● Problem statement:
Your job is to give again, exactly and with no additions, the lines in the records below from the one with "吃烤全羊的过程颇具仪式感,将" through the one with "Dieser tolle Picknickkorb", both included. Omit the pictures.

● Excerpted data:
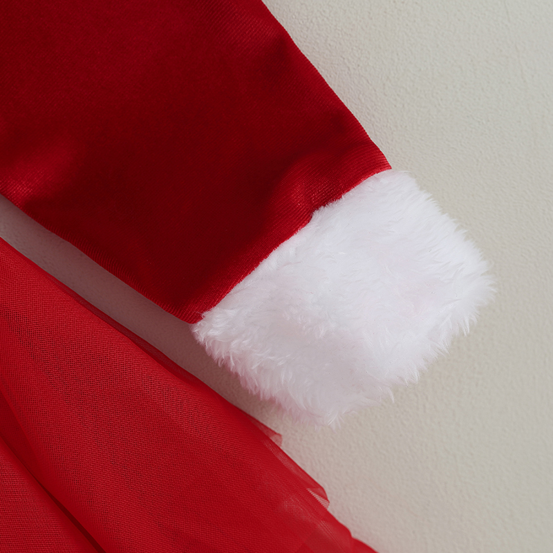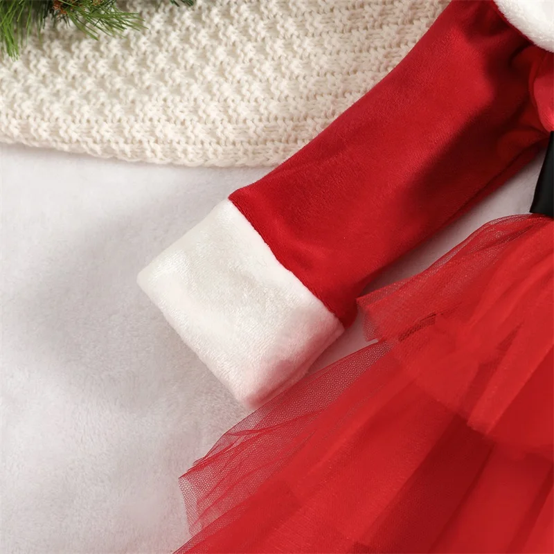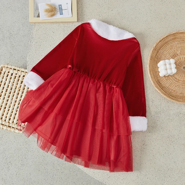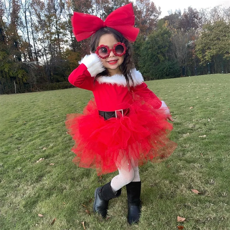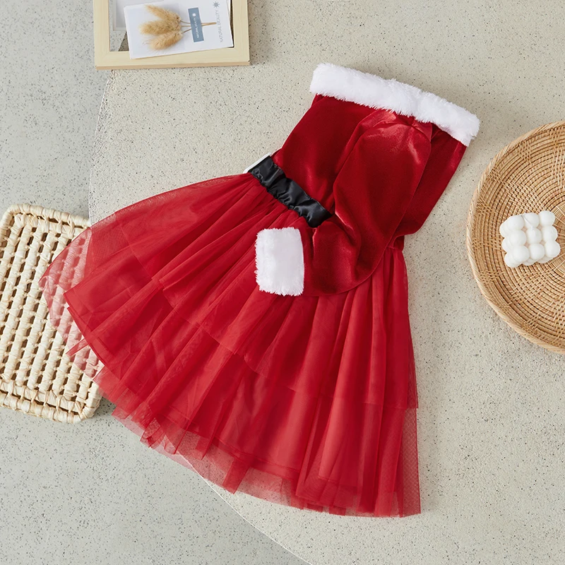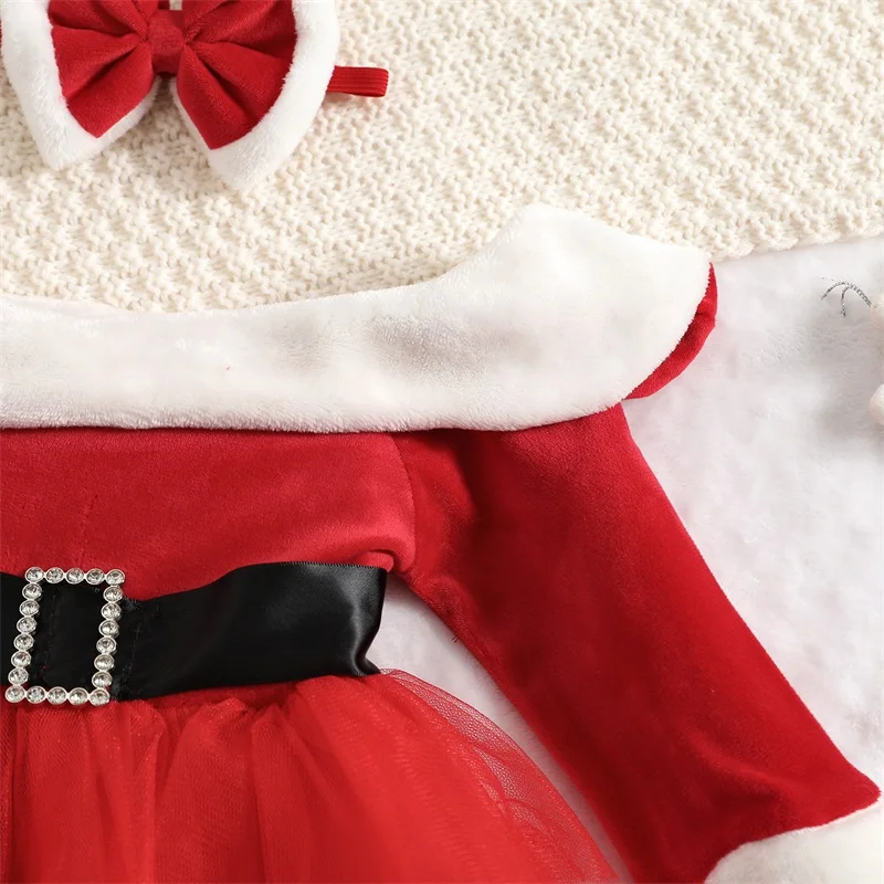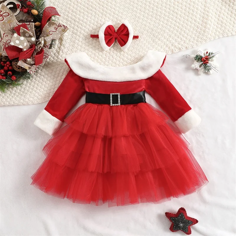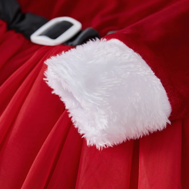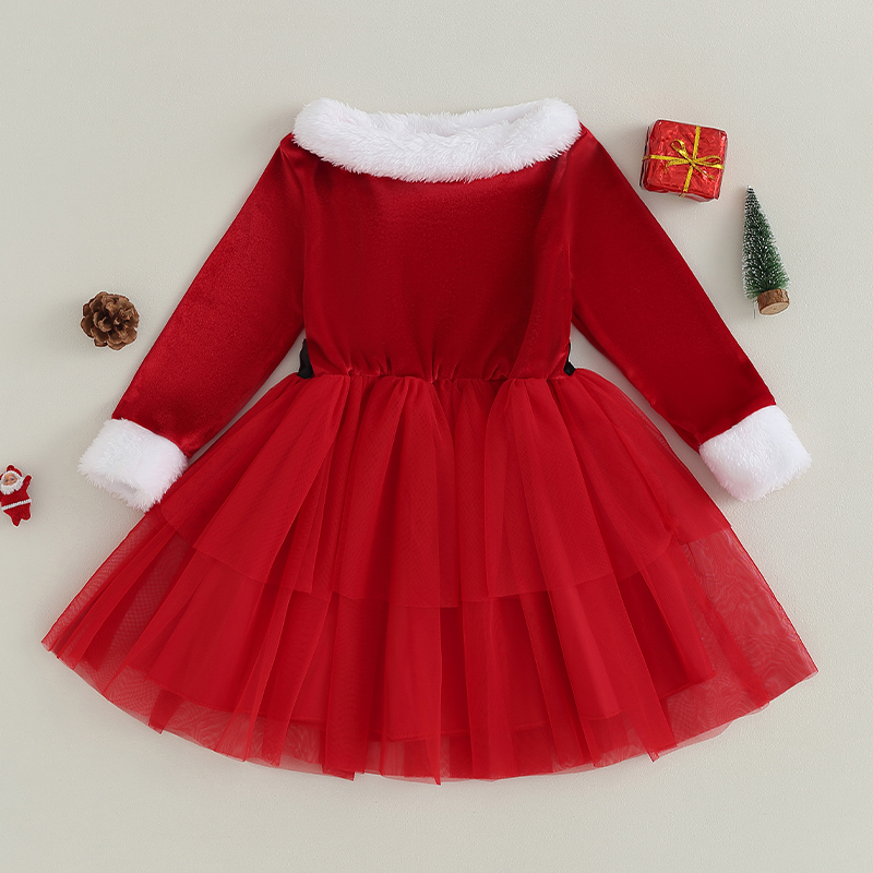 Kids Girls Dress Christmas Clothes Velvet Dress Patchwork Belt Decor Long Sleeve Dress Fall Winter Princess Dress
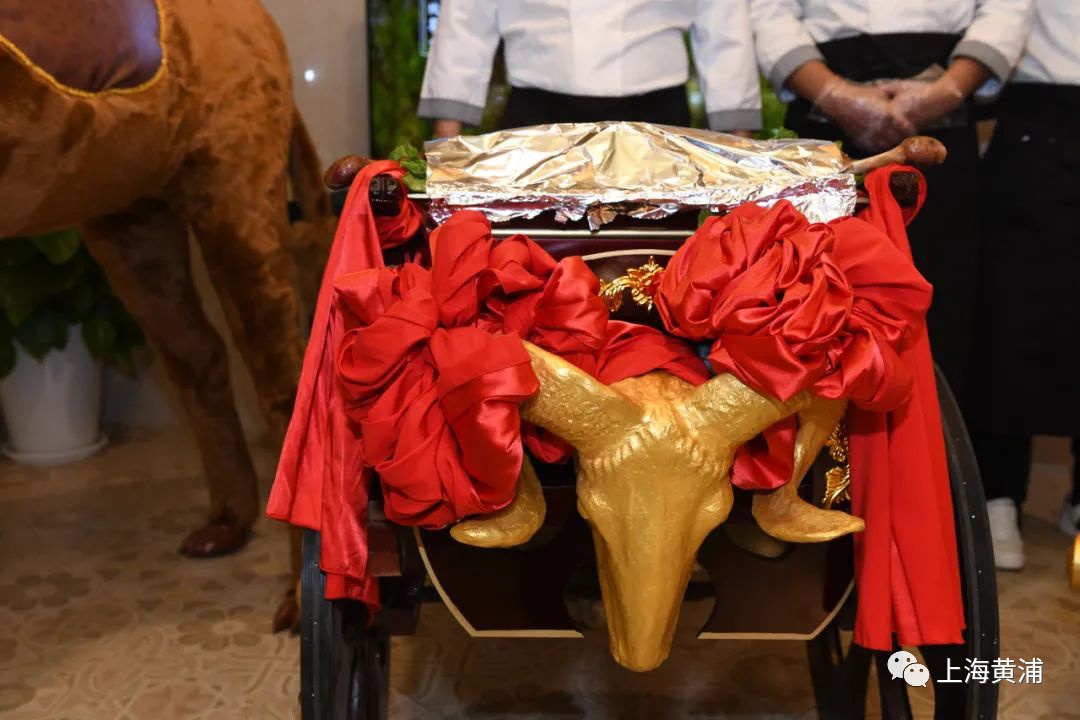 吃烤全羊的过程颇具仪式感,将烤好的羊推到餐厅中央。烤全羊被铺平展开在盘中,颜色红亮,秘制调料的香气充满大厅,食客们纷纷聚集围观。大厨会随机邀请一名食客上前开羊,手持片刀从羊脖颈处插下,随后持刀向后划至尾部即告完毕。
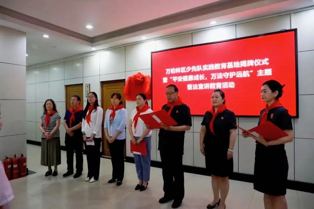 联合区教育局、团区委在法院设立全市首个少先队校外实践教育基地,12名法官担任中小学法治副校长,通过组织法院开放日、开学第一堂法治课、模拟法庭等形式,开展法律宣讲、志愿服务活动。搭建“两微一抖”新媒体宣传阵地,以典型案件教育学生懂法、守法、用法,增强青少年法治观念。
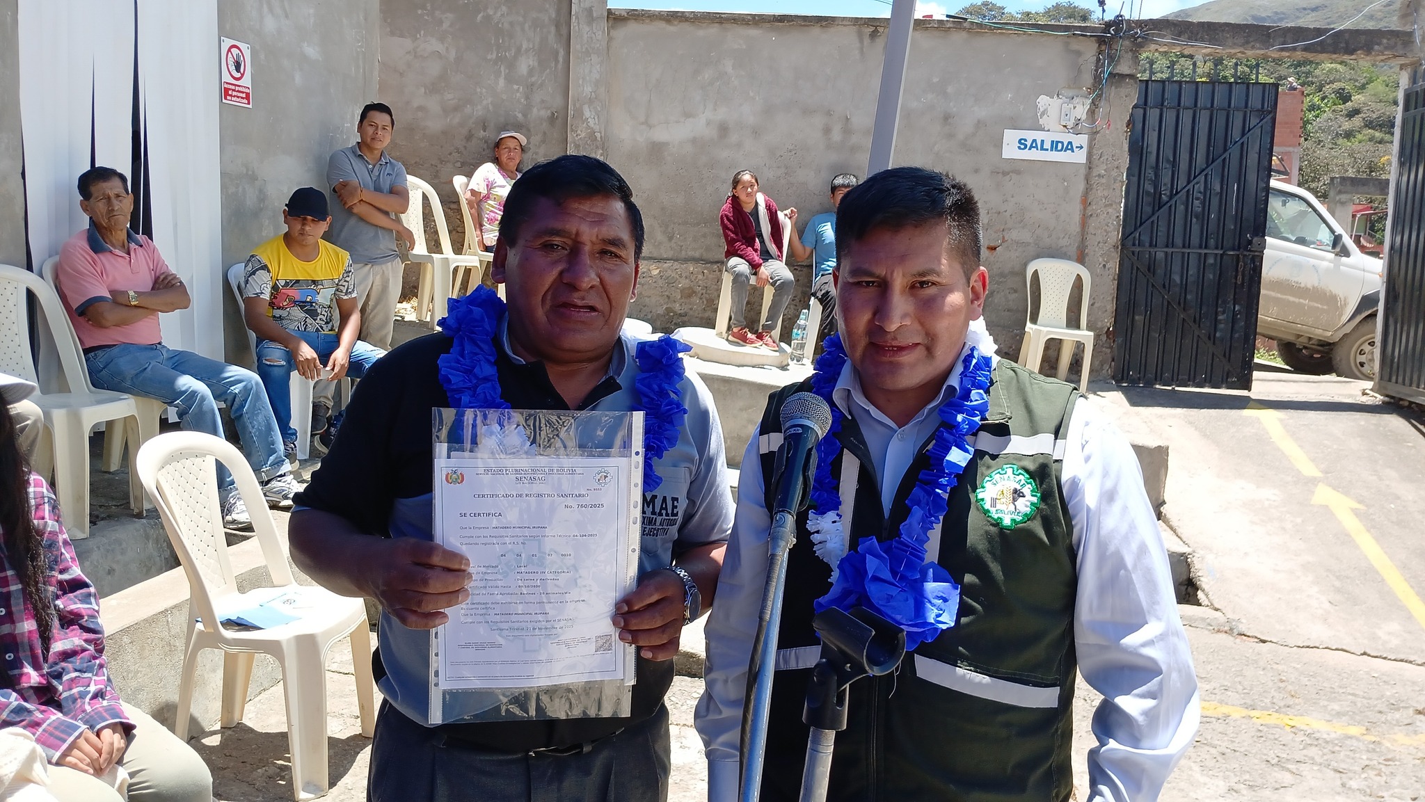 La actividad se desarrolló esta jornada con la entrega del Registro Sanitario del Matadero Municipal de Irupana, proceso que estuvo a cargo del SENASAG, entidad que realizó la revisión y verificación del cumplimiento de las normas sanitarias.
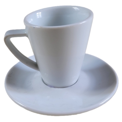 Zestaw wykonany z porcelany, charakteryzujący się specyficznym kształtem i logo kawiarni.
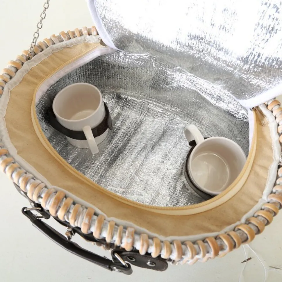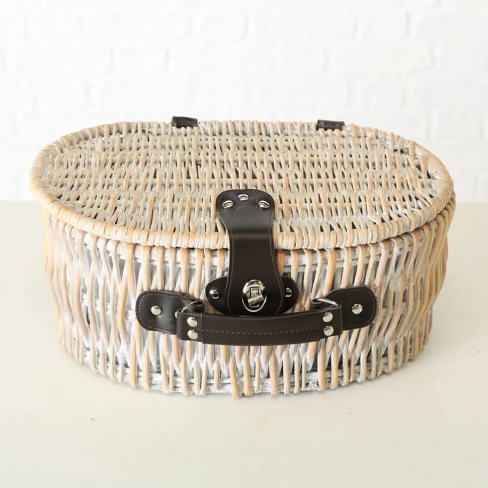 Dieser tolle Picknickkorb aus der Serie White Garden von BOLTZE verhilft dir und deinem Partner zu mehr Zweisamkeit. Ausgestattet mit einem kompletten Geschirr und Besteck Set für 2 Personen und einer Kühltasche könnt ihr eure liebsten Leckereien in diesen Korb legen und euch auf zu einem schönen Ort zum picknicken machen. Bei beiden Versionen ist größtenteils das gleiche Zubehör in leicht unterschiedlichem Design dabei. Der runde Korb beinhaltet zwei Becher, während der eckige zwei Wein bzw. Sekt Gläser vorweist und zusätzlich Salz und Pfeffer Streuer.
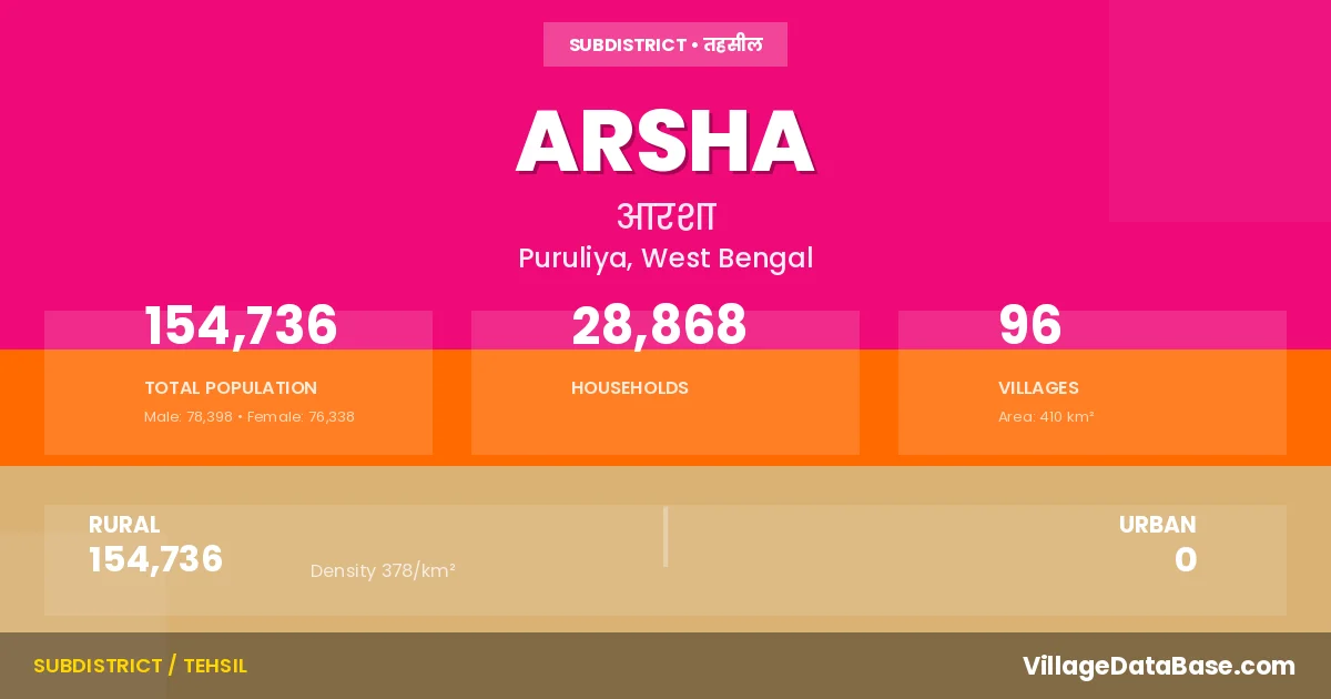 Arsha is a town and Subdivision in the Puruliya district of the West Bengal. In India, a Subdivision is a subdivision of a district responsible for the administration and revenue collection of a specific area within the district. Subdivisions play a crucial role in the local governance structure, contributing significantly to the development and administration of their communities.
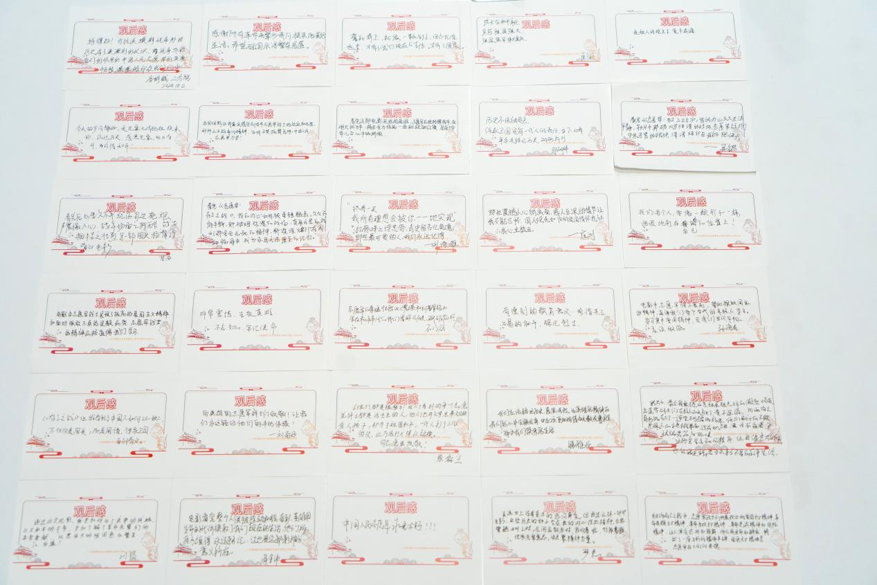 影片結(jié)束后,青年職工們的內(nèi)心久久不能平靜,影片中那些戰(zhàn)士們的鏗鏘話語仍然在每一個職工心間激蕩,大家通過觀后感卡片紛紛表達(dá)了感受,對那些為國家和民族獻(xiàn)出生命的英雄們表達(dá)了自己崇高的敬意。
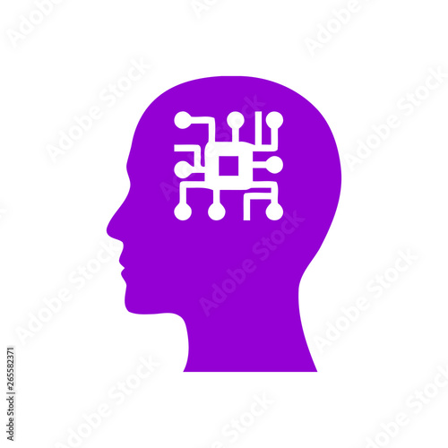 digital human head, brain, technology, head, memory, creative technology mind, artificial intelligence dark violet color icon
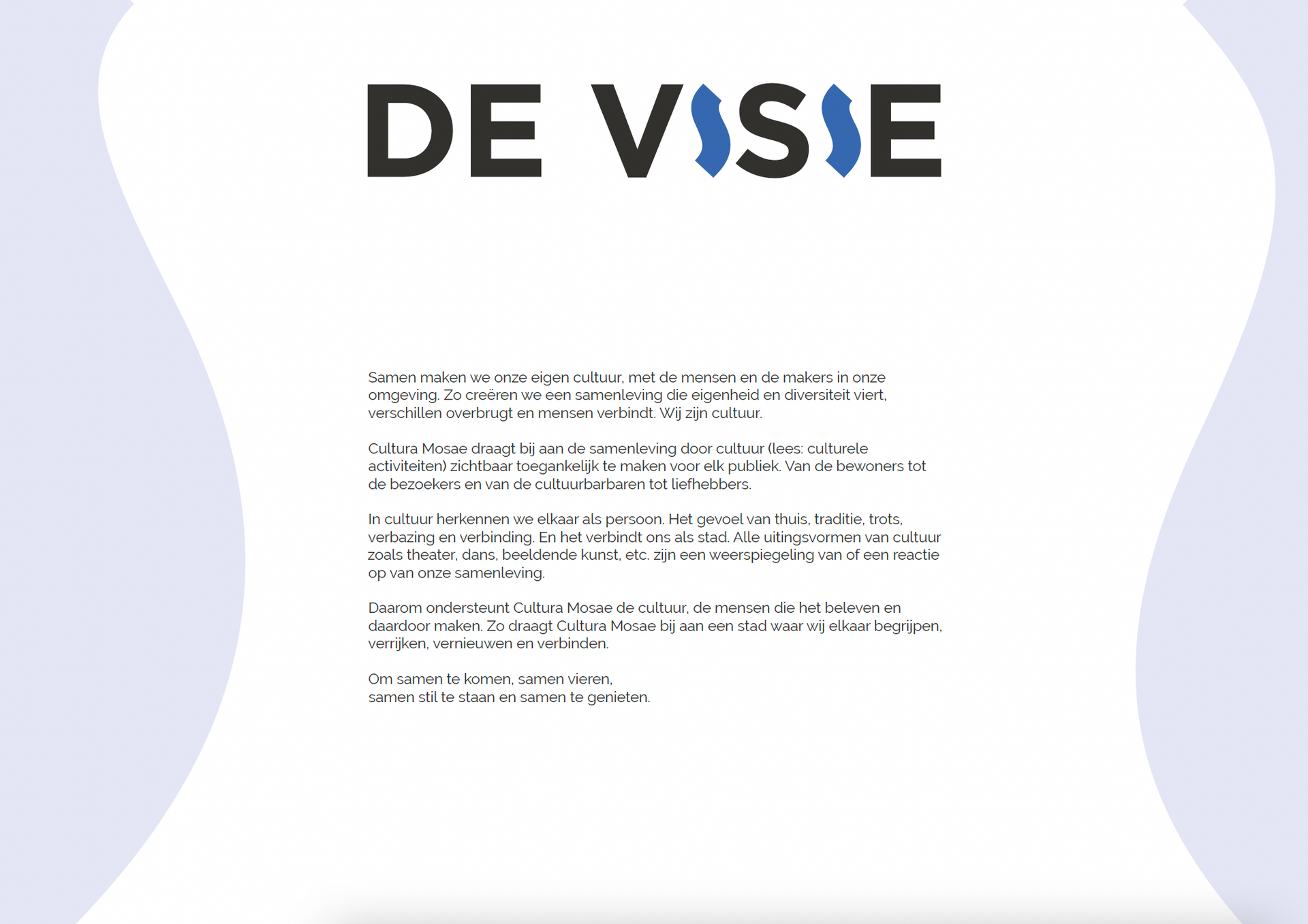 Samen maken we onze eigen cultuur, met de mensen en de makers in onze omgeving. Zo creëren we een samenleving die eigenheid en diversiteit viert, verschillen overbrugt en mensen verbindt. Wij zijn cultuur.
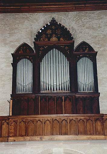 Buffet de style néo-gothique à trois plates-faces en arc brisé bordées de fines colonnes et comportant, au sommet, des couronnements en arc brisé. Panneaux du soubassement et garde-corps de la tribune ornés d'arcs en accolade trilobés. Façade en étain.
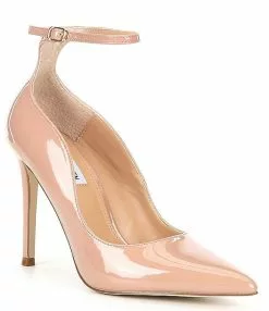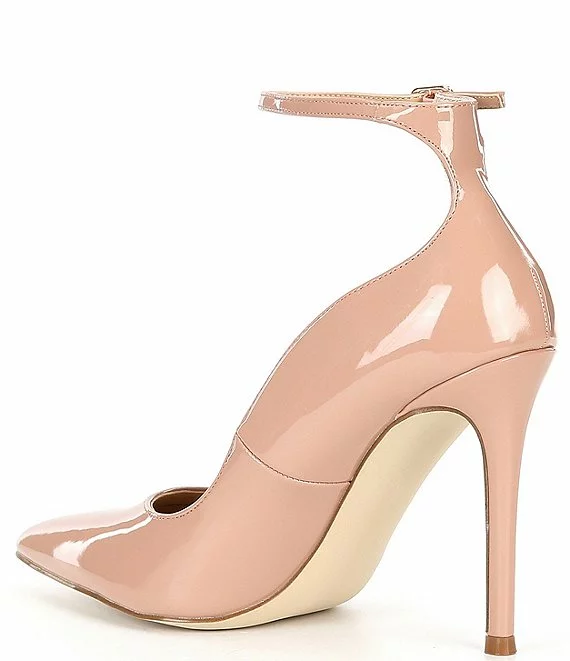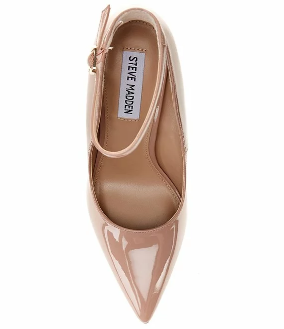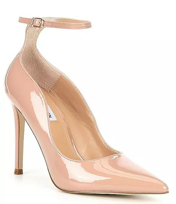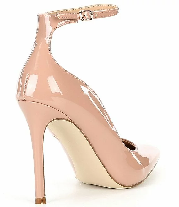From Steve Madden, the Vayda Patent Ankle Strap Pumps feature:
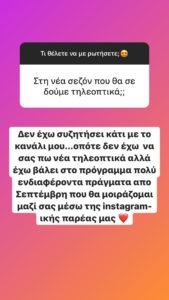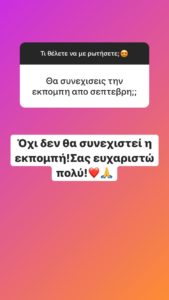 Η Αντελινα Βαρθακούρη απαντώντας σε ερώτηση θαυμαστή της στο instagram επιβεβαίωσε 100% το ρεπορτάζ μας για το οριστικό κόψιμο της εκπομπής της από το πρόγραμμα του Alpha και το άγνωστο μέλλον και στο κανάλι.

● Written reply:
 吃烤全羊的过程颇具仪式感,将烤好的羊推到餐厅中央。烤全羊被铺平展开在盘中,颜色红亮,秘制调料的香气充满大厅,食客们纷纷聚集围观。大厨会随机邀请一名食客上前开羊,手持片刀从羊脖颈处插下,随后持刀向后划至尾部即告完毕。
 联合区教育局、团区委在法院设立全市首个少先队校外实践教育基地,12名法官担任中小学法治副校长,通过组织法院开放日、开学第一堂法治课、模拟法庭等形式,开展法律宣讲、志愿服务活动。搭建“两微一抖”新媒体宣传阵地,以典型案件教育学生懂法、守法、用法,增强青少年法治观念。
 La actividad se desarrolló esta jornada con la entrega del Registro Sanitario del Matadero Municipal de Irupana, proceso que estuvo a cargo del SENASAG, entidad que realizó la revisión y verificación del cumplimiento de las normas sanitarias.
 Zestaw wykonany z porcelany, charakteryzujący się specyficznym kształtem i logo kawiarni.
 Dieser tolle Picknickkorb aus der Serie White Garden von BOLTZE verhilft dir und deinem Partner zu mehr Zweisamkeit. Ausgestattet mit einem kompletten Geschirr und Besteck Set für 2 Personen und einer Kühltasche könnt ihr eure liebsten Leckereien in diesen Korb legen und euch auf zu einem schönen Ort zum picknicken machen. Bei beiden Versionen ist größtenteils das gleiche Zubehör in leicht unterschiedlichem Design dabei. Der runde Korb beinhaltet zwei Becher, während der eckige zwei Wein bzw. Sekt Gläser vorweist und zusätzlich Salz und Pfeffer Streuer.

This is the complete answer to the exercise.